Die SMS war aber nicht von Ambrosius Ackermann, obwohl seine Nummer angezeigt wurde. Sie war von ihm! Man würde das aber nicht zurückverfolgen können. Zacharias, ein Mitglied des Chaos Computer Klubs und der Sohn seines Freundes Dieter, hatte das für ihn erledigt.
Dazu kam, dass er bei einem Ausflug Wüsts Namen auf dem Baustellenschild gelesen hatte, das am Eingang zum Burghof von Hohenneuffen stand. Hier war Werner Wüst noch als technischer Bauberater tätig, obwohl er schon im Ruhestand war. Auch Ackermann wusste das.
Sie hatten die beiden, Werner Wüst und seinen früheren Geschäftspartner Ambrosius Ackermann, schon lange im Visier. Jetzt hatten er und seine Freundin Silja wegen ihrer immer akuter werdenden Lungenfibrose aber keine Zeit mehr, länger mit ihren Plänen zu warten.
Wie er ihn einschätzte, würde Werner Wüst zwar seinen exzentrischen Freund verfluchen, sich aber dann arglos auf den Weg in seinen eigenen Untergang machen.
Jetzt kauerte der nächtliche Verschwörer neben der Garage auf Wüsts Grundstück. Der leichte Nieselregen hatte die Schulterpartie seines dunkelgrünen Parkas durchweicht.
Auch durch die schwarzen Jeans fühlte er schon die Nässe kriechen. Nur seine Gore-Tex Stiefel hielten ihn noch warm.

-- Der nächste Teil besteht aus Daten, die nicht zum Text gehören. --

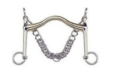 The thin mouth makes this weymouth bit ideal for horses with small mouths and large tongues. Stainless steel bit includes curb chain and hooks.
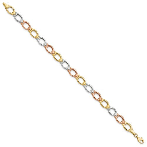14K Tri-color Polished and Satin Link Bracelet

Er warf einen Blick auf die Natursteinplatten vor der Garage. Wenigstens hinterließ er keine Fußspuren im durchweichten Rasen. Das Gartentor hatte offen gestanden und ihm problemlos Zutritt zum parkartigen Grundstück gewährt. Die kugelig gestutzten Buchsbüsche gaben ihm Sichtschutz. Er hasste ihren moderig bitteren Geruch. Sie erinnerten ihn an die Friedhofbesuche, die er jeden Sonntagnachmittag an der Hand seiner Mutter machen musste. Aber jetzt war keine Zeit für Sentimentalitäten.
Wo blieb das Arschloch? Er warf einen Blick auf seine falsche Rolex, die er von einem Türkeiurlaub mitgebracht hatte. Der Typ ließ sich Zeit.

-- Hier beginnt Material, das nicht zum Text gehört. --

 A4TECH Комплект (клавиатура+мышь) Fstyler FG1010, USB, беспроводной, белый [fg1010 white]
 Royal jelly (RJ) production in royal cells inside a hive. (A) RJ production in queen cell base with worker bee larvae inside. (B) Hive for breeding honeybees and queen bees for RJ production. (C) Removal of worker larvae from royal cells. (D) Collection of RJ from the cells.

Dann gingen im Bungalow die Lichter aus und das Garagentor schob sich wie von Geisterhand nach oben. Er ließ sein Messer aufschnappen, sprang auf und schlüpfte gebückt durch den Spalt unter dem Tor. Gleichzeitig ging die Garagenbeleuchtung an.
Wüst, der durch eine Verbindungstür zum Haus in die Garage trat, konnte auf den Überraschungsangriff nicht mehr reagieren. Der Angreifer, der sich neben der Tür postiert hatte, sprang auf ihn zu, packte den fülligen Mann von hinten und hielt ihm das Messer an den Hals.
Sein Opfer war für den Nachtausflug auf Burg Hohenneuffen passend gekleidet. Er trug eine gelbe Regenjacke und blaue Jeans. Gegen die Kälte hatte er einen blauen Kaschmirschal um den Hals gebunden. Nur seine weißen Schuhe passten nicht recht zu dem Outfit.